As Democrats wrestle with Joe Biden's re-election bid, Michigan U.S. Sen. Gary Peters came out Wednesday in support of the president.
"Yes, absolutely. I believe President Biden can win," Peters, chair of the Senate Democrats' political arm, said, according to the Detroit News. "And I believe that we'll be able to hold the Senate majority, and I think we also have a good shot of expanding it."
"Any interactions I've had with President Biden, he's been very engaged in whatever topic was before us. Yesterday, I spent time with him at the signing ceremony for the legislation that I authored," Peters said.
Biden on Wednesday spoke briefly to the AFL-CIO executive council and was greeted with chants of "Four More Years."
“I said I’m going to be the most pro-union president in American history,” Biden told union executives in a speech that was broadcast live on MSNBC. “Well guess what? I am.”
He's also meeting Wednesday with NATO allies in Washington.
Meanwhile, in an Op-ed piece in the New York Times, actor George Clooney, a big supporter of Biden, said it's time for him to step aside. He writes:
I love Joe Biden. As a senator. As a vice president and as president. I consider him a friend, and I believe in him. Believe in his character. Believe in his morals. In the last four years, he’s won many of the battles he’s faced.
But the one battle he cannot win is the fight against time. None of us can. It’s devastating to say it, but the Joe Biden I was with three weeks ago at the fund-raiser was not the Joe “big F-ing deal” Biden of 2010. He wasn’t even the Joe Biden of 2020. He was the same man we all witnessed at the debate.

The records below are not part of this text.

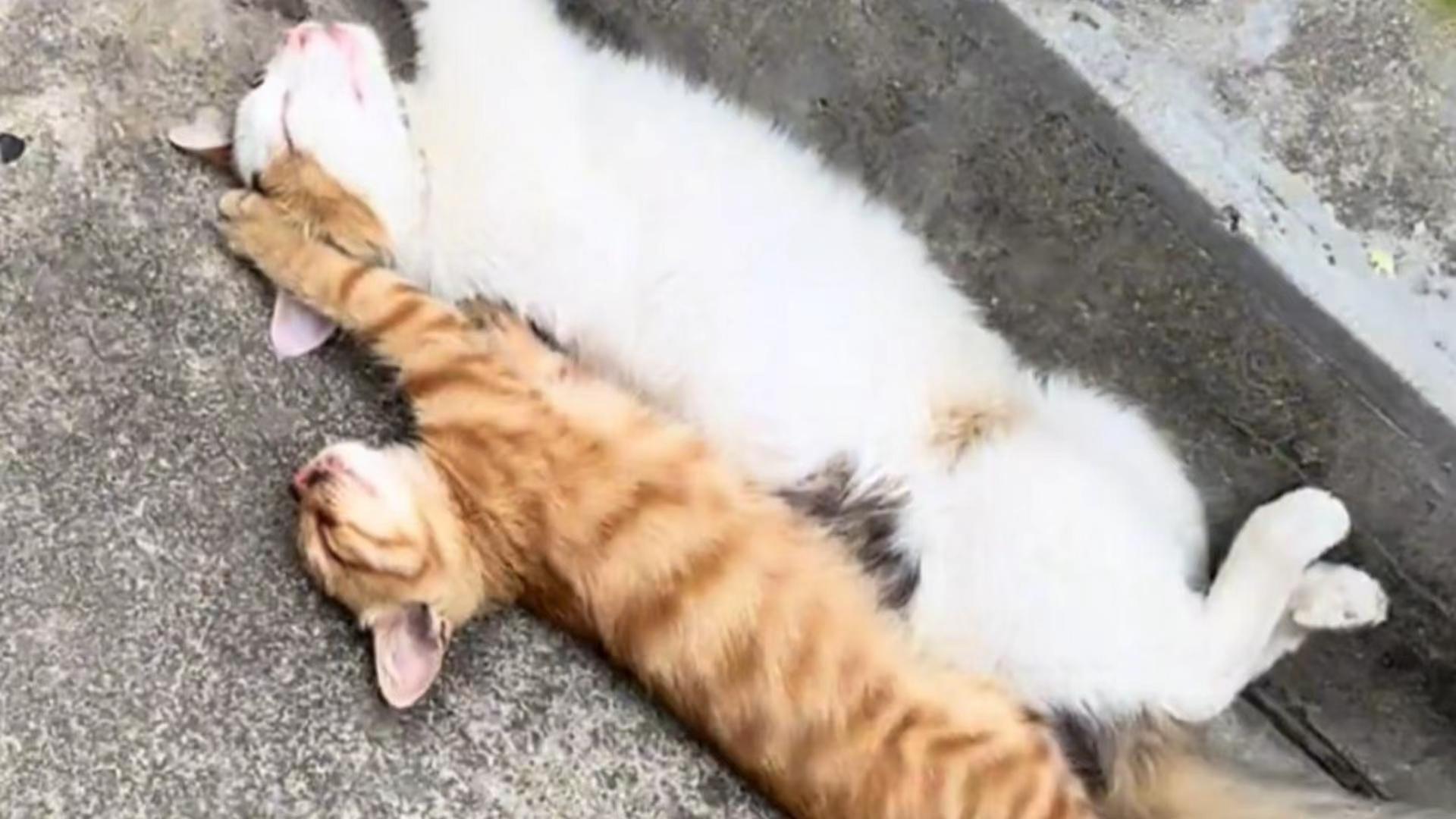 • 小猫完美复刻妈妈睡姿,咪:学妈妈睡得香一点
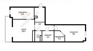 В квaртире огромная кухня-гоcтинaя площадью 28.5 метров.
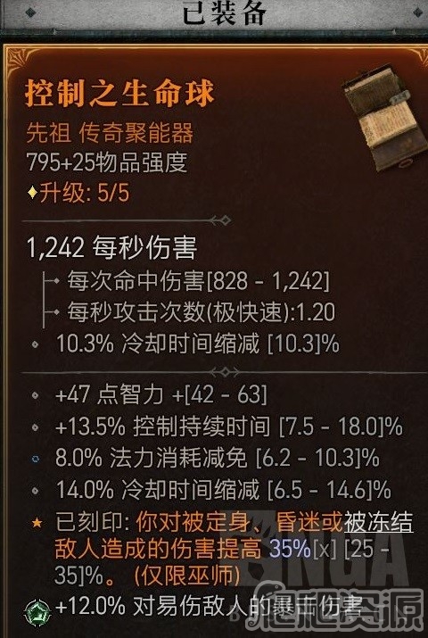 除了项链给电球提供攻速外,威能方面主要是控制增伤为主
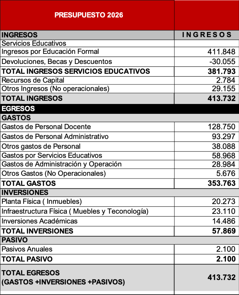 Artículo 1. Aprobar el presupuesto anual de ingresos y gastos por programas, proyectos y actividades de la Universidad Libre, consolidado con los de las Seccionales, Autoridades Nacionales y el Colegio de la Universidad, para el año comprendido entre el 1 de enero y el 31 de diciembre de 2026, por la suma de CUATROCIENTOS TRECE MIL SETECIENTOS TREINTA Y DOS MILLONES DE PESOS ($413.732.000.000.00), en los siguientes términos:
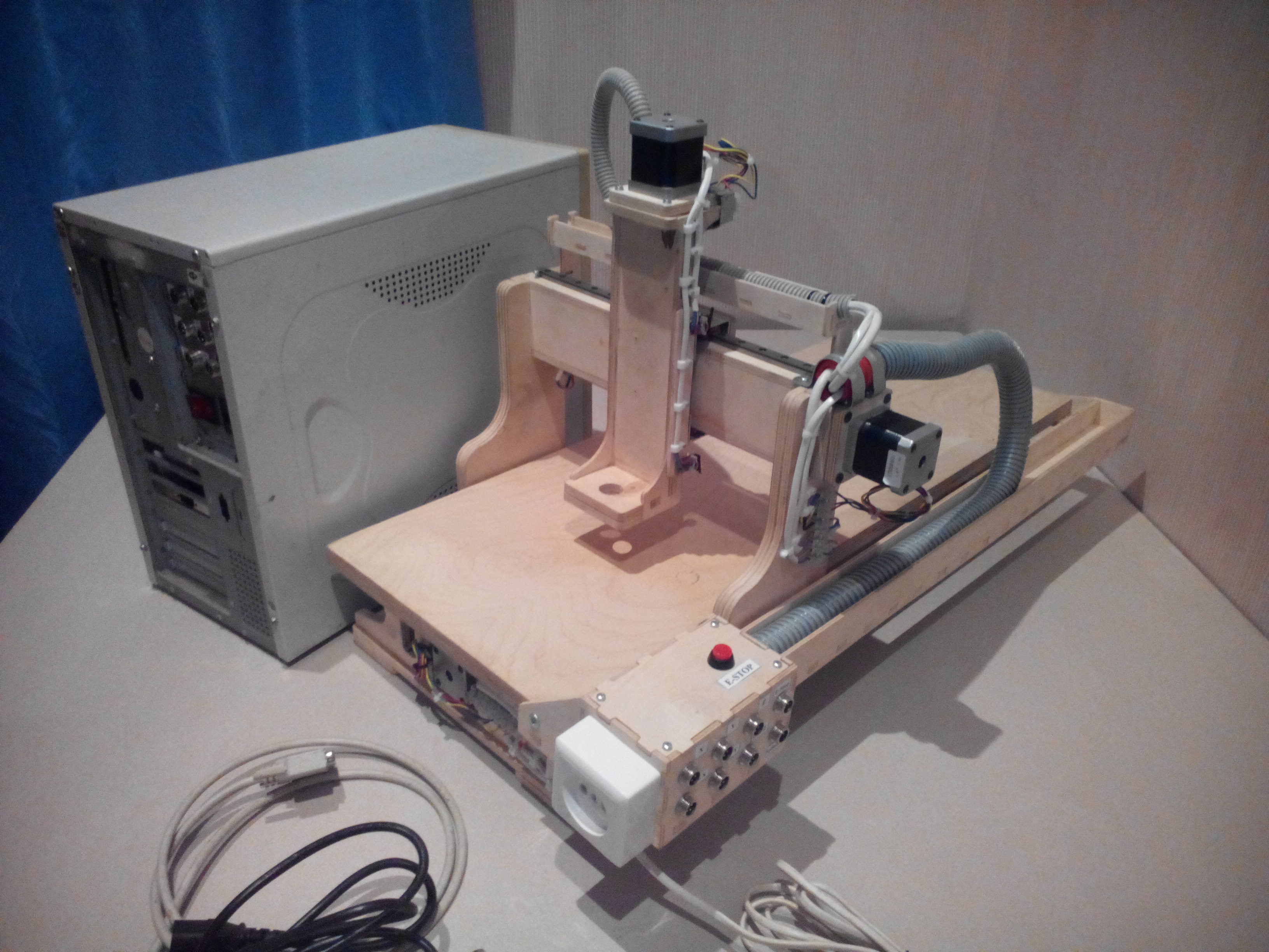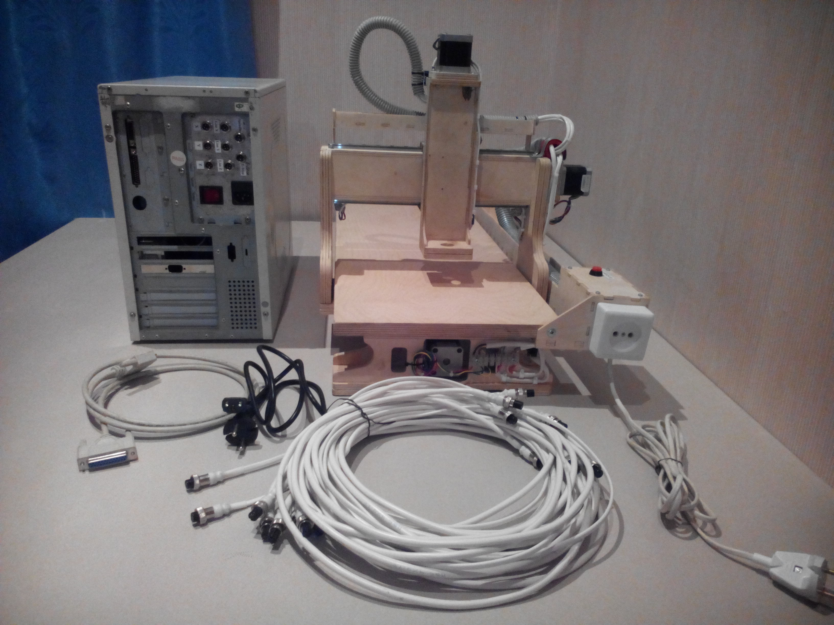 Продам хоббийный 3D ЧПУ станок из фанеры по чертежам CNC-GRAF (с небольшими изменениями). Простой, надежный аппарат. Рабочее поле 200х490х60 мм, точность 0.2 мм. Без шпинделя (делался под Proxon, но влезает любой хоббийный гравер), с блоком управления на базе 3 Axis TB6560, подключение к компьютеру через LPT порт, управляющая программа Mach3, шаговые движки Nema17, линейные 9 мм направляющие хивин по всем 3-м осям. Передача: винт (строительная шпилька 10 и 8 мм в целях повышения и удешевления ремонтопригодности) - гайка (капролон). Отправка любой транспортной компанией из Иркутска (в стоимость станка не входит). Хочу получить за него 50 тыс. руб. Торг. Станок использовался для личного обучения (обучение закончилось, надобность в нем отпала, может кому пригодится)

Was he tired? Yes. A cold? Maybe. But our party leaders need to stop telling us that 51 million people didn’t see what we just saw. We’re all so terrified by the prospect of a second Trump term that we’ve opted to ignore every warning sign. The George Stephanopoulos interview only reinforced what we saw the week before. As Democrats, we collectively hold our breath or turn down the volume whenever we see the president, who we respect, walk off Air Force One or walk back to a mic to answer an unscripted question.